So far, Dr. Pearson has published no conclusions, but the RRC has been praised for its new proposed rules. Pearson testified in August before the House Energy Resources Subcommittee on Seismic Activity that he wants to wait for reports from SMU's study of seismic and injection activity around the town of Azle, in the Barnett Shale, before drawing any conclusions.
In a letter to the Texas Railroad Commission commenting on the RRC's proposed rules on curbing earthquakes caused by high-pressure injection of waste fluids, the Environmental Protection Agency "applauded the RRC's efforts to ensure it has sufficient regulatory authority to respond to any event of the type where concerns may arise." Maybe the agencies will kiss and make up? Not likely. But the EPA agrees with proposed rules published by the RRC that would require applicants for disposal well permits to submit information about the area's risk for earthquakes as part of their application. The rules also strengthen the RRC's authority to limit or halt injection from existing wells where earthquake events occur.
Initially the RRC was slow to respond to complaints about earthquakes. At one point, citizens from the town of Azle, particularly affected by earthquakes, staged a protest before the RRC at which Azle citizens serenaded the commission with their own composition based on Elvis Presley's All Shook Up. The RRC has now hired its own seismologist, and although Commissioners are cautious about connecting earthquakes to oil and gas activity, the proposed rules are a step in the right direction.
Texas now has more than 3,600 active commercial injection wells; it granted 668 permits last year alone. Earthquakes strong enough to damage homes have occurred in the Barnett Shale region. Similar problems have occurred in Oklahoma and other regions.
The proposed rule can be found here. Other comments on the proposed rule can be found here. Texas Tribune article on the proposed rules is here. SMU is conducting a study of the quakes around Azle and has installed seismic stations in the area to monitor seismic activity.

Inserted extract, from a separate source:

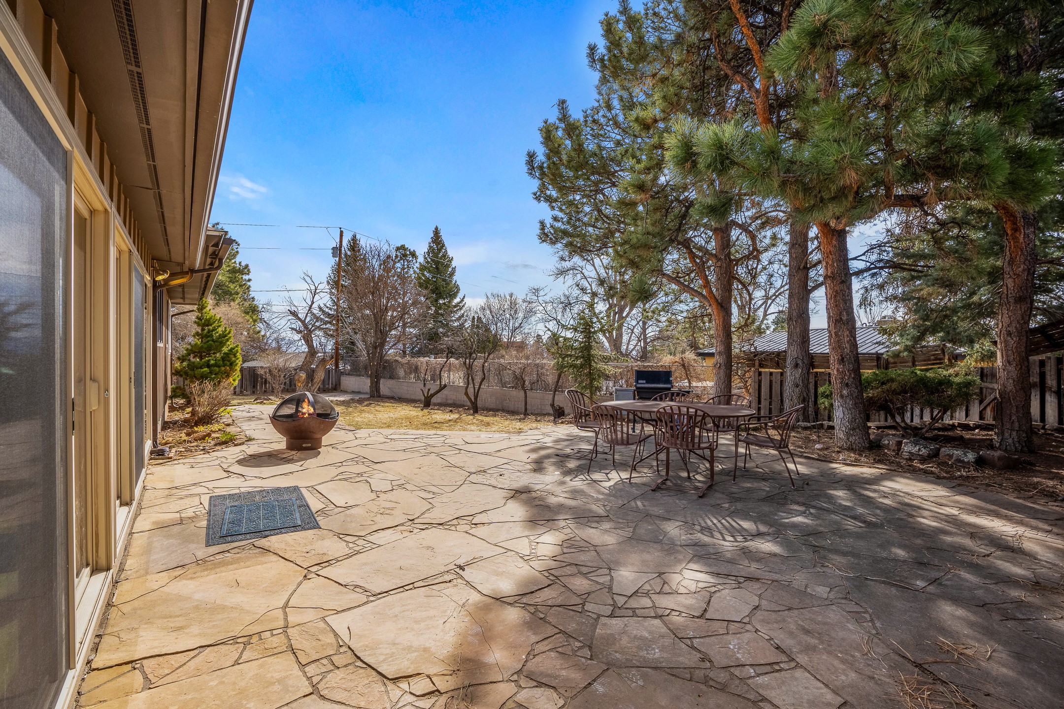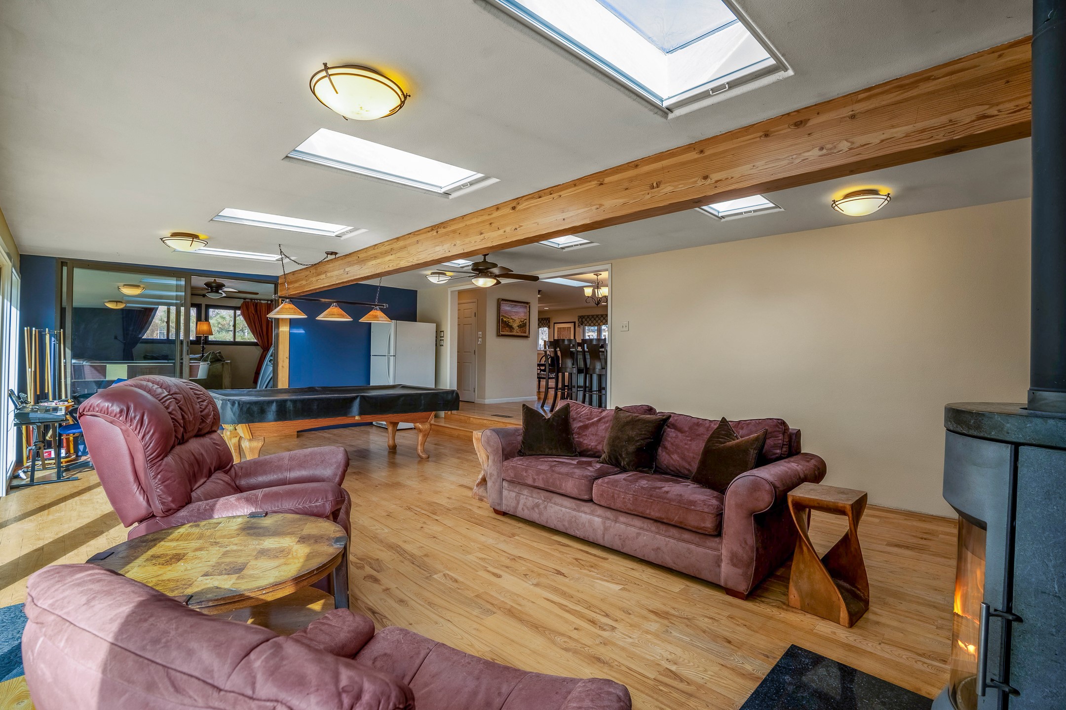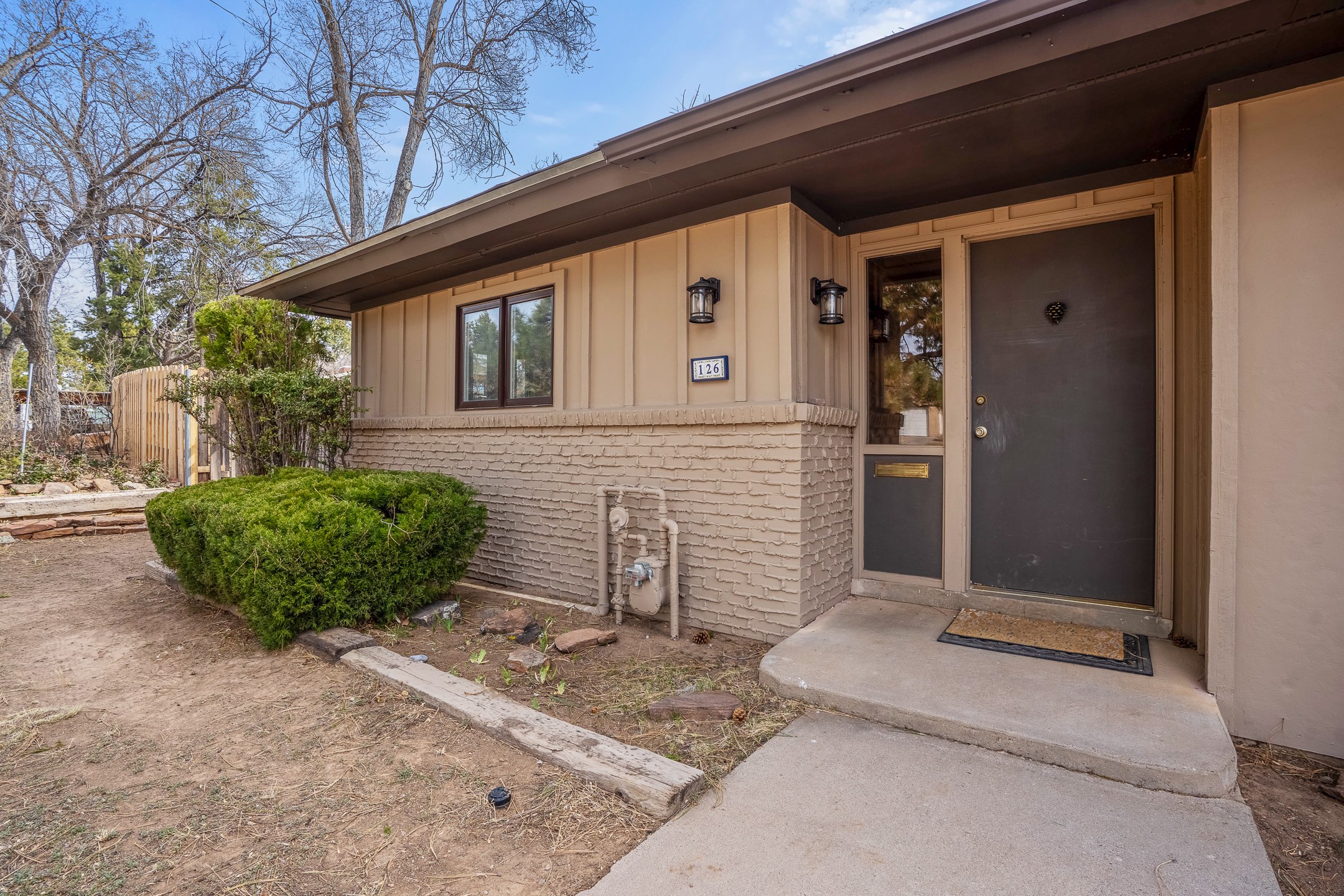 Updated Barranca Mesa Gem with Indoor Pool, Large 0.39 Acre Lot, 4 Bedrooms, Gourmet French Kitchen, Open Floor Plan, Game Room, Flagstone Patio with Views, and More! Welcome to 126 Andanada! This ranch-style home is located amongst the pines on a large 0.39 acre lot on Barranca Mesa, features a rare indoor pool, and is perfect for entertaining guests and enjoying life! As you enter, you are greeted by wood floors, natural light, and an open floor plan. To the left awaits a spacious dining room easily accommodates a ten-seat table and flows into the kitchen, making holiday meals a breeze. The custom kitchen is reminiscent of a Parisian holiday and serves as the hub of this home. It features a large L-shaped island with barstool seating for six, a built-in refrigerator, a high-end Wolf gas range, double ovens, a pedal-operated sink faucet, and four skylights for great lighting. The white cabinets provide ample storage and there is counter space for hosting and cooking in harmony! The living room features a stylish wood stove and provides access to a large flagstone patio in the backyard, with great views of the Sangre de Cristo Mountains. A second living area can serve as a game room or a home office, includes a brick fireplace to keep you warm on those cool evenings. The bedroom wing features three guest bedrooms, a full bathroom, and a spacious laundry room. The primary suite includes an en-suite bathroom that features a quartz-topped double vanity and walk-in shower. The indoor pool is housed in the eastern part of the home in a separate room with lofted ceilings and a wall of south-facing windows. The pool house opens to the landscaped back yard to maximize your summer fun! This home is truly an entertainer's dream! Schedule your showing today before this one is gone!

A study published in the Proceedings of the National Academy of Sciences, examining eight clusters of contaminated water wells in Pennsylvania and Texas, found that the wells' contamination was either from naturally occurring gas deposits -- i.e., the gas is naturally occurring within the aquifer -- or from poor casing and cementing of nearby gas wells. The study concluded that the hydraulic fracturing of the wells was not a cause of groundwater contamination. The study was led by a researcher at The Ohio State University and included researchers at Duke, Harvard, Dartmouth and the University of Rochester. The researchers were able to "fingerprint" the gas by measuring the amount of "noble" gases such as helium included with the natural gas. The researchers were able to distinguish between the fingerprints of naturally occurring methane in the aquifers and gas from the Barnett and Marcellus Shale formations. Ohio State's press release about the study can be viewed here.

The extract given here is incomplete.